А чего, вот так приударишь за девицей, а она или сама окажется колдуньей или папашка её каким-нибудь архимагом. И поставят тебя перед выбором – или окольцовываться, или до конца дней прыгать по кочкам и спрашивать «Ка-ко-ва-а-а клю-к-ва-а-а». И всё. Ладно ещё, если там любовь и всё такое. Я сам по натуре однолюб и не очень понимаю, как можно изменить любимому человеку. Может, так на меня повлиял пример отца, не пропускающего ни одной юбки в, как оказалось, любом из миров.
А если она страшна как смертный грех?
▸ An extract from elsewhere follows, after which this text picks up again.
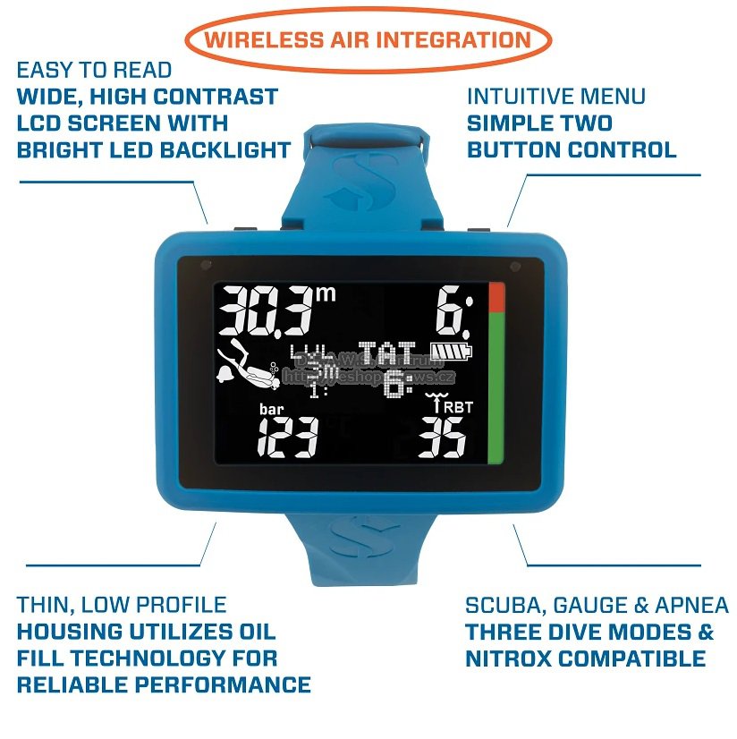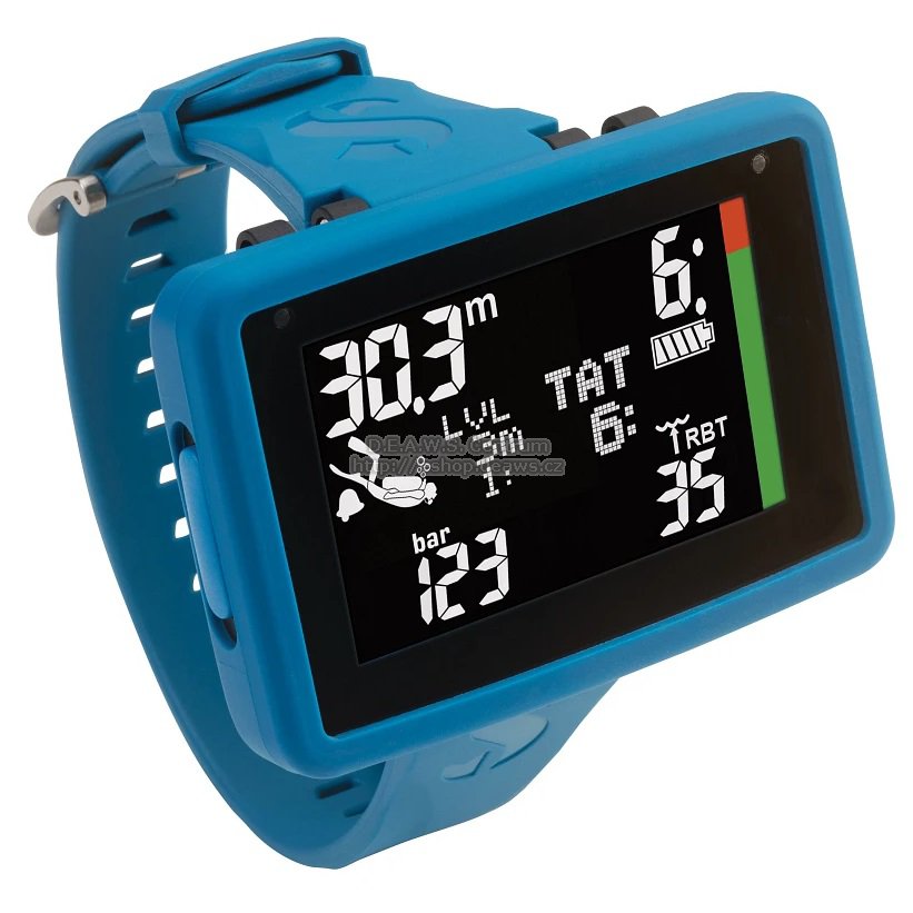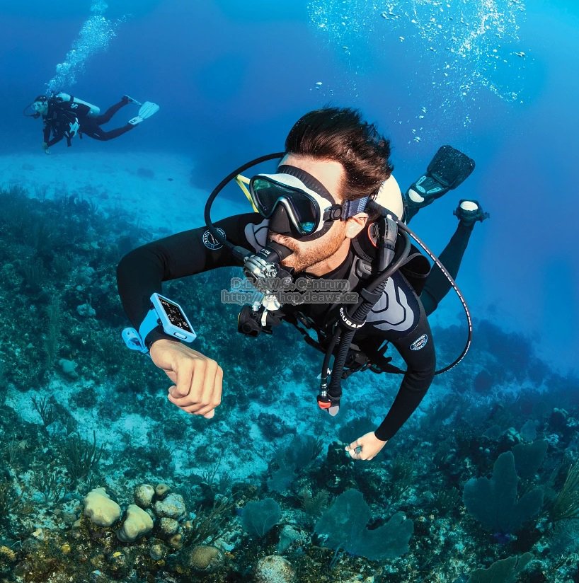 Tech. data: Široký, vysoce kontrastní černobílý LCD displej s velkými znaky a jasným LED podsvícením. Tenké termoplastové pouzdro využívá technologii olejové náplně pro spolehlivý chod. Jednoduché ovládání dvěma tlačítky: Intuitivní menu a ovládání usnadňují obsluhu. Výběr ze 2 algoritmů: Prediktivní víceplynový Buhlmann ZH-L16 ADT MB nebo ZH-L16+GF (Gradient Factor). Tři režimy a kompatibilita s Nitroxem: Dive, Gauge a Apnea mod. Kompatibilní s Nitroxem (100%) se 3 volitelnými plyny. PDIS (Profile dependant intermediate stops): Vypočítává mezizastávky na základě zatížení N2 u aktuálních a předchozích ponorů a dýchacích směsí pro bezpečnější potápění. Šest úrovní mikrobublin (L0-L5) umožňuje nastavit úroveň konzervativnosti algoritmu ADT tak, aby odpovídala vaší úrovni zkušeností, věku a fyzické kondici. Bluetooth® LE: Umožňuje stahovat ponory do jakéhokoli zařízení se systémem iOS nebo Android nebo do počítače PC/Mac. Firmware lze uživatelsky aktualizovat. Počítač je nově vybaven měkkým modrým silikonovým páskem s nerezovou sponou. Součástí je předinstalovaný černý silikonový kryt pouzdra a ochraná folie na obrazovce. Uživatelsky vyměnitelná baterie CR2450 je dimenzována až na dva roky/300 ponorů. Alternativní způsob uchycení pomocí bungee. Otvory jsou k dispozici na rohu pouzdra. Maximální provozní hloubka: 120m. MOŽNOST POZDĚJŠÍHO DOKOUPENÍ TLAKOVÉHO ČIDLA

И лишь маскировалась магией. Не-не, все горизонтальные контакты лишь после доскональной проверки личности. С применением передовых антимагических средств. И проверкой родословной до седьмого колена. И…
Блин. Вот недаром говорят, все бабы ведьмы. Беатрис – огонь-дева. Видел-то её всего ничего, а уже собираюсь что-то там проверять. Почти заставила забыть, что в ближайших планах у меня свалить из этого мира. И до того момента, как я окажусь на обыденной, скучной, привычной Земле, на все амурно-половые связи накладывается жёсткое табу. А то мало ли.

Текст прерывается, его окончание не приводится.